Search code examples
google-cloud-data-fusioncdap

CDAP Trucate a long type column representing an epoch in milliseconds to year/month


I'm using CDAP and Cloud Data Fusion 6.6.0 I have a column called ts with a long representing a timestamp in milliseconds. The type is long.

In the next step, I need to group by year and month, so I need to create two new fields year and month or truncate ts to month.

What is the set of Wrangler directives to do it? The next example is not working because it is a long so I suppose that I need to transform ts to ZoneDateTime, but no idea how to do it:

Tested directives:

parse-as-simple-date:ts
set-column year date:YEAR(ts)
set-column month date:MONTH(ts)

Error

Improper usage of directive 'parse-as-simple-date', usage - 'parse-as-simple-date :column 'format''

Solution

  • These are the wrangler directives to use:

    • timestamp-to-datetime
    • parse-timestamp

    The directive that you are currently using needs to have a date format such as yyyy.MM.dd it would be something like: parse-as-simple-date :ts yyyy.MM.dd but this function parse a DATE STRING to a DATE.

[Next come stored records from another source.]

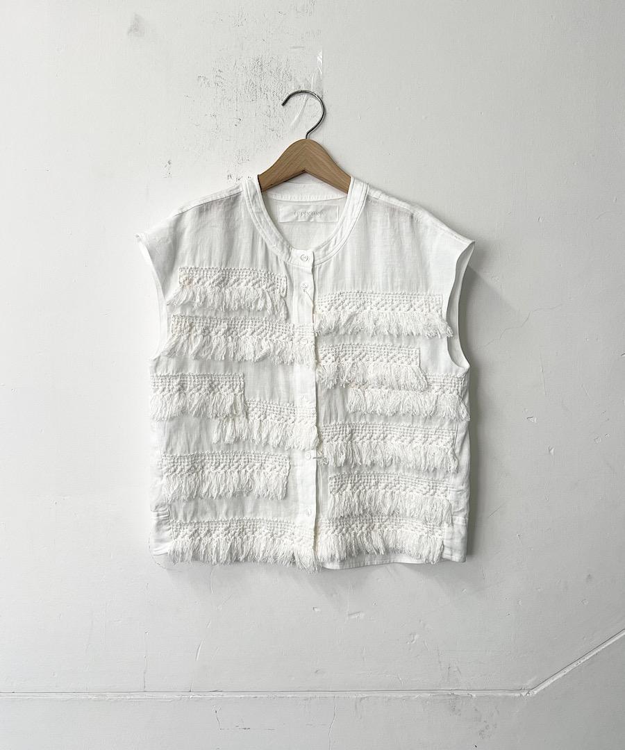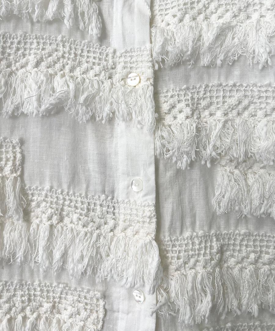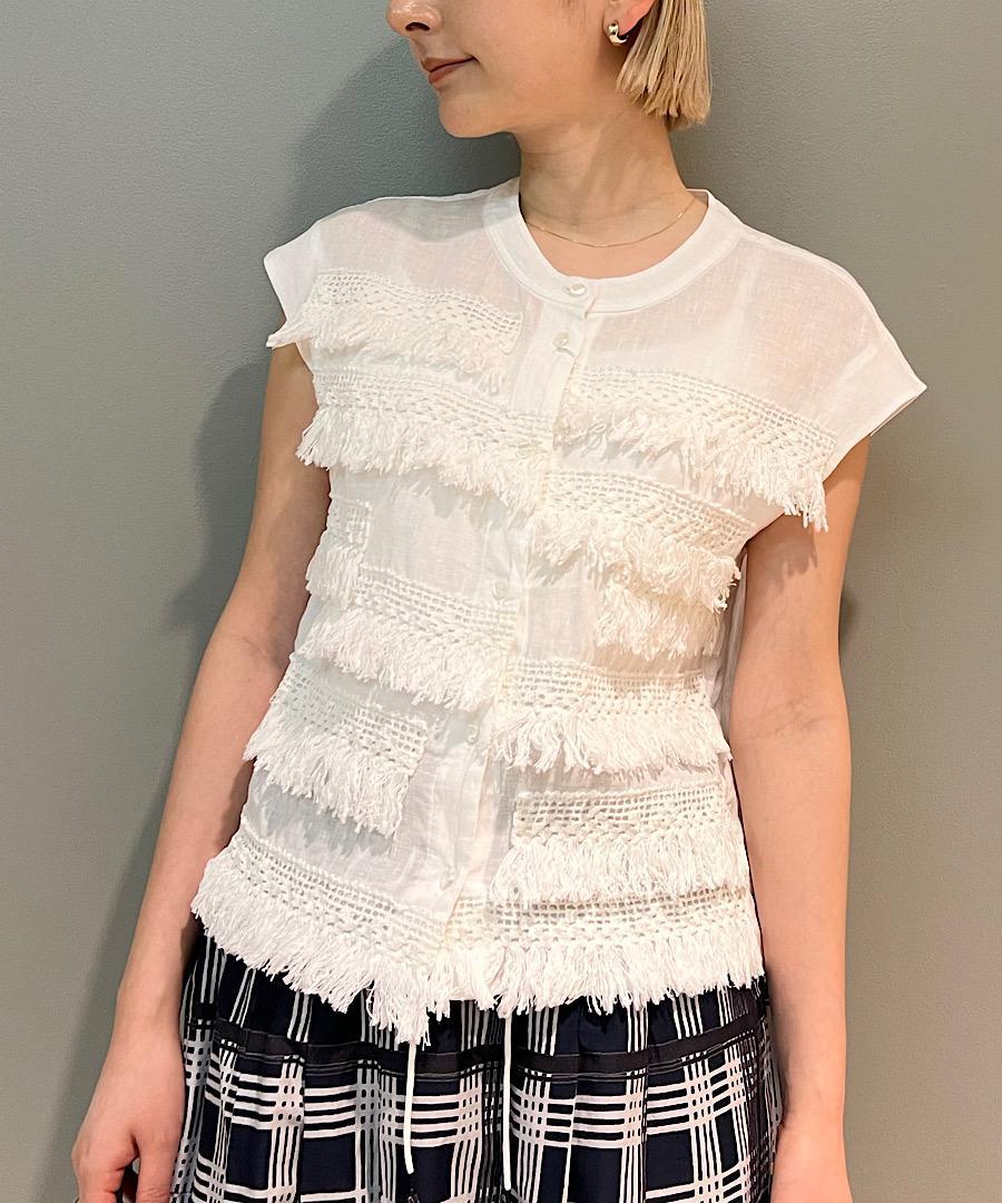 フレンチスリーブで短めの丈感にランダムについたフリンジレースが印象的なアイテム。
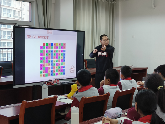 凝聚优质人才,服务基础教育。为探索创新人才培养模式,完善基础学科拔尖人才培养的长效机制,3003新葡的京集团与历城区实验小学联合成立“少年发展研究院”,开展“研究生进课堂”活动。11月16日,3003新葡的京集团学生党支部的张旭、孙铭、李嘉旻走进历城区实验小学,与同学们进行交流。李嘉旻为历城区实验小学六年级数学班的学生带来《哥德巴赫猜想与孪生素数猜想》趣味课堂,从课本中素数合数的定义出发,介绍了哥德巴赫猜想和孪生素数猜想的内容及发展历史,通过趣味小游戏引导学生用“筛法”寻找一百以内的素数,并以自己与孪生素数猜想的故事在同学们心中种下数学的种子,鼓励大家坚持梦想,追求真理,受到了师生们的热烈称赞。
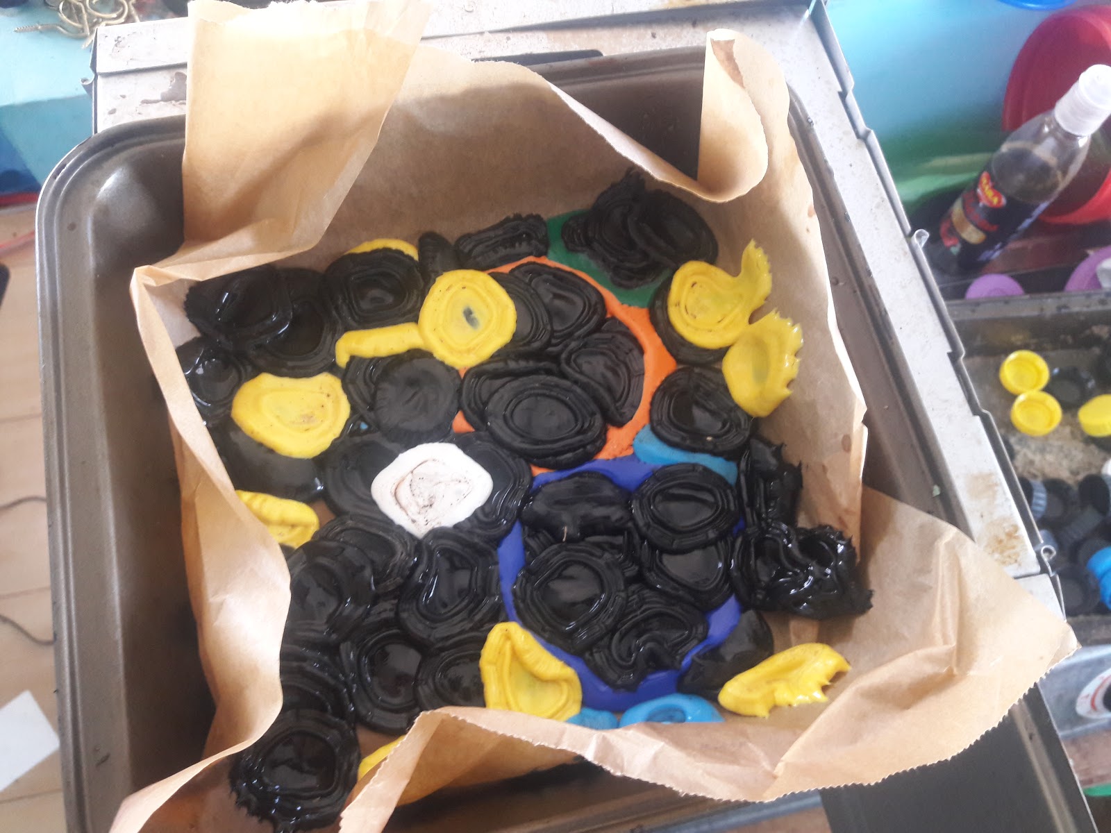 The bottle caps almost looked like an abstract art project…
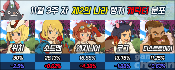 제2의 나라 11월 3주 차 랭킹 1위는 이그니스 서버 위치 'DAWIS'가 차지했다.
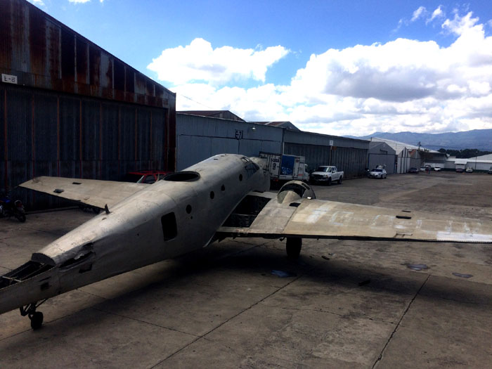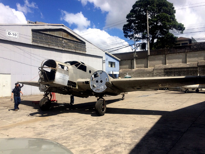 • It was based in San Angelo, Tx in a bombardier training squadron. It was sold or given to Guatemalan Air Force in the 50's. An American mechanic -friend of mine- bought it in the 80's and hangared it since then. The airplane -engines and airframe- is apart but complete. It has very little corrosion on both bottom wings skin. Today is in Guatemala City at La Aurora intl airport.
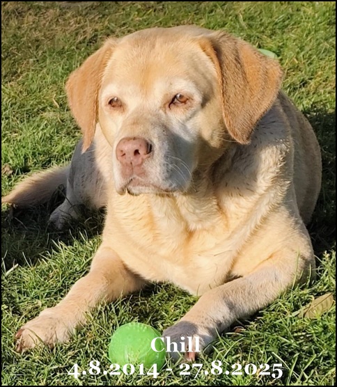 Geliebte Chill, unser verrückter Wirbelwind, Balljunkee und wilde Hilde. Du warst typisch Labbi, freudig, temperamentvoll und liebtest deine Bälle. Wann immer sich für dich die Gelegenheit bot, hast du zum Spiel aufgefordert, auch bei Besuch, ob diejenigen wollten oder nicht. Du liebtest Wasser über alles, am liebsten stundenlang, legendär war auch dein Wasserweitsprung, den kein Hund je übertroffen hat. Dein Leben war intensiv, mit viel Lebensfreude und Spaß, aber du durftest nur 11 Jahre alt werden. Im März diesen Jahres wurdest du aufgrund eines geplatzten, bösartigen Milztumors notoperiert, die Überlebenschance war gleich null. Aber dein eiserner Wille hatte gesiegt und wir konnten noch über fünf wunderschöne Monate mit vielen Erlebnissen miteinander verbringen, wofür wir unendlich dankbar sind. Drei Stunden nach dem Tod deines Bruders Brownie fing es an, dir nicht gut zu gehen und am nächsten Morgen hast du uns gezeigt, dass auch deine Zeit gekommen war. Auch dich haben wir zu Hause bis zur Regenbogenbrücke begleitet.
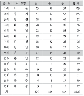 전반적인 침체속에 특히 종목별 우열의 차가 크게 나타났다. 전북이 획득한 금메달 절반이 넘는
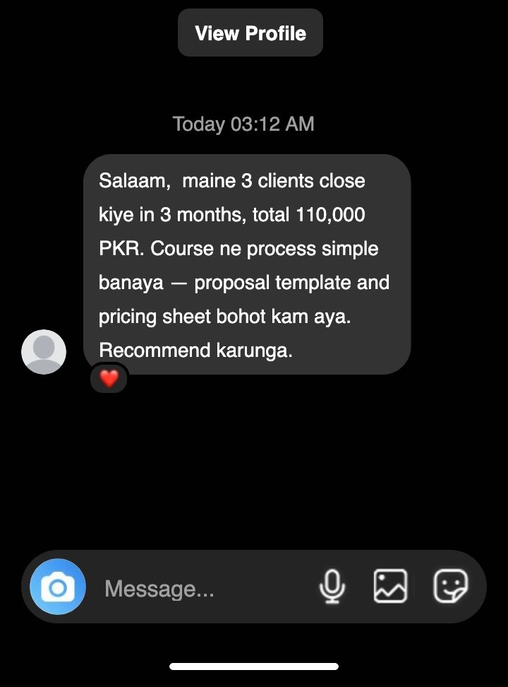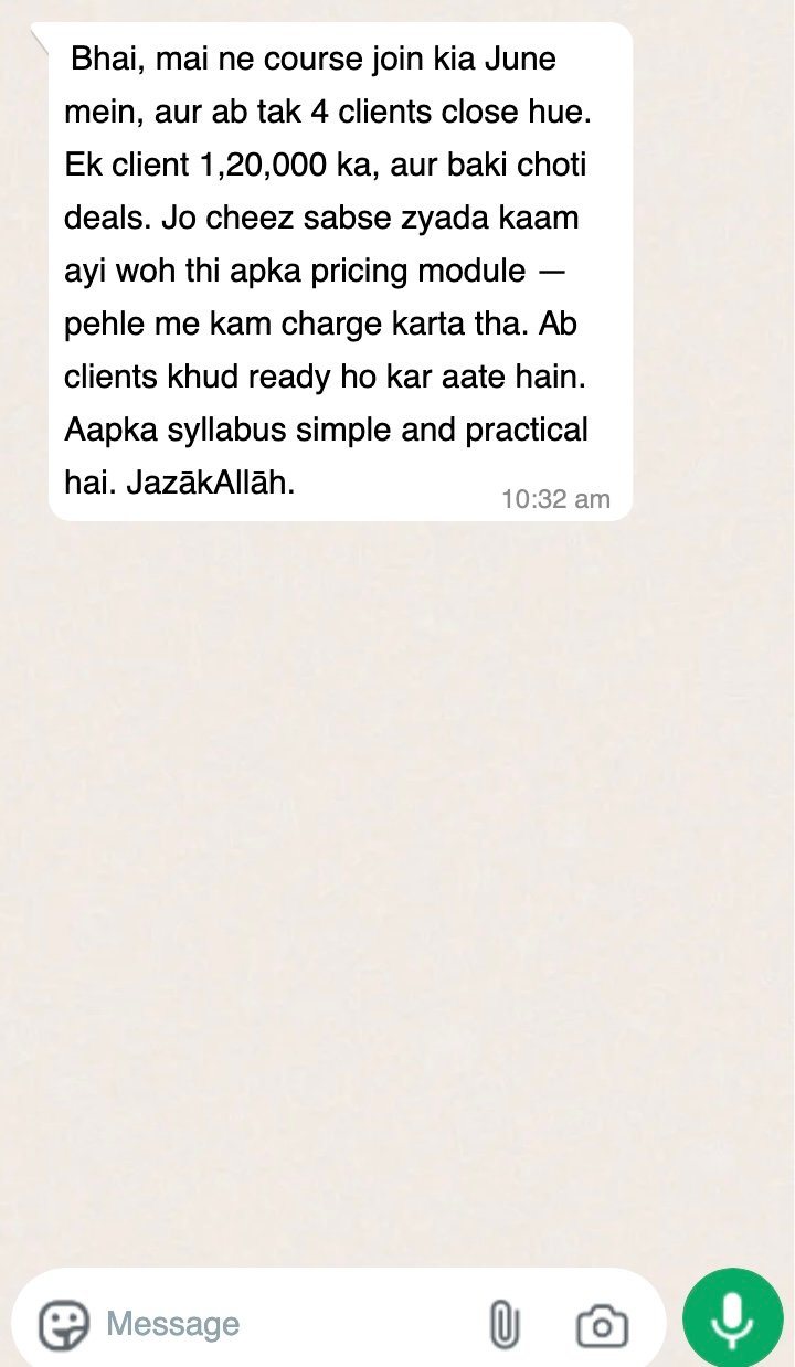 Perfect — this course teaches sales and client acquisition from scratch, even if you’ve never closed a deal before.
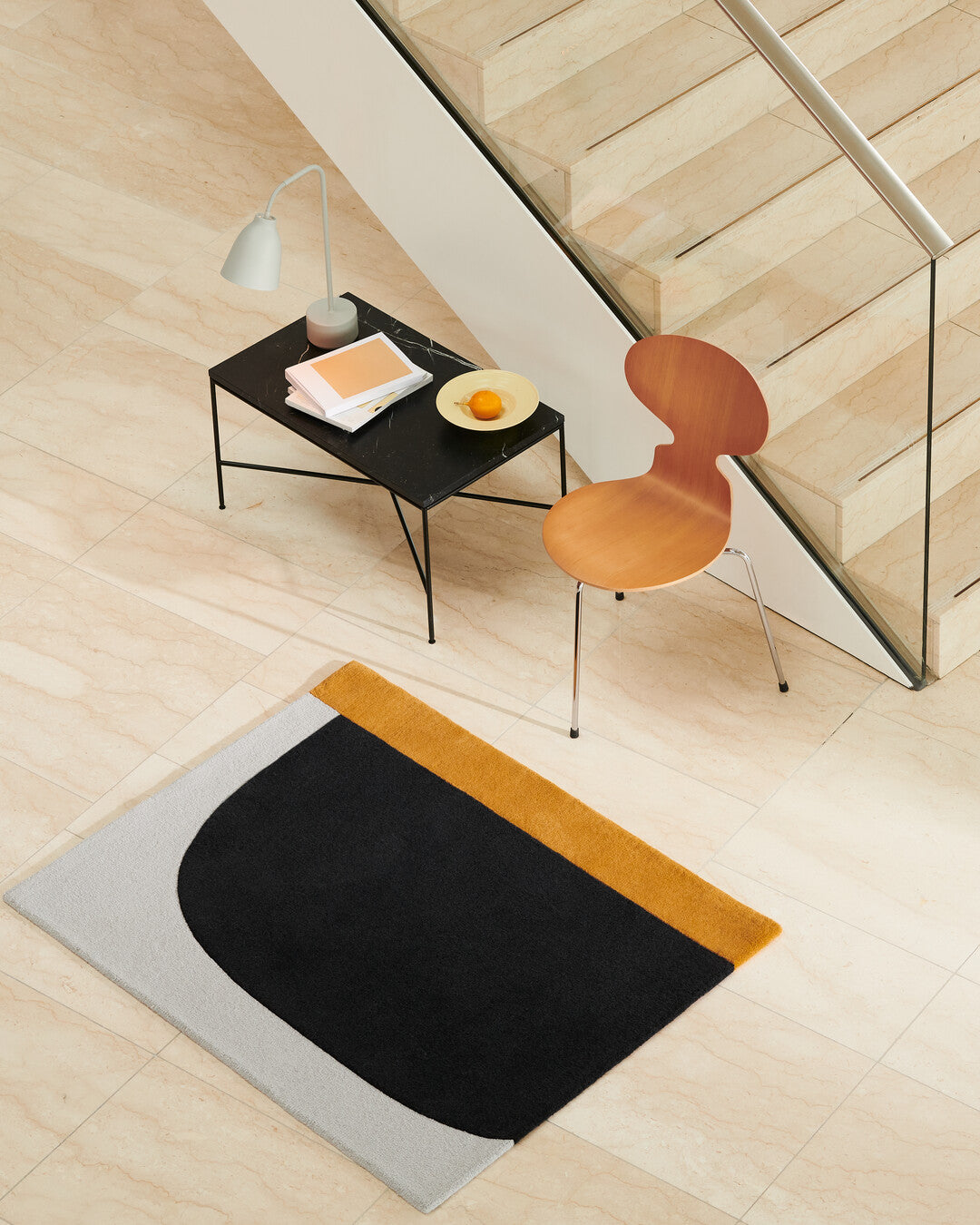 Rugs fra Fritz Hansen er en serie designet af Cecilie Manz med inspiration fra designerens blyantstegninger med geometriske udklip, lag på lag papirklip og farveblyanter, men også fra det spil af former der skabes, når solen skinner ind gennem vinduerne i Manz’ designstudie. Variationer i luvens højde giver tæpperne et diskret tredimensionelt udtryk og gør dem dragende interessante.

    The wrangler directive timestamp-to-datetime converts a timestamp to a datetime.

    timestamp-to-datetime :ts
    

    Another possible solution is to use parse-timestamp this directive parses column values representing unix timestamp as date and then you could format the result to a DATE pattern that you like.

    parse-timestamp :ts milliseconds
    format-date :ts 'MM/dd/yyyy'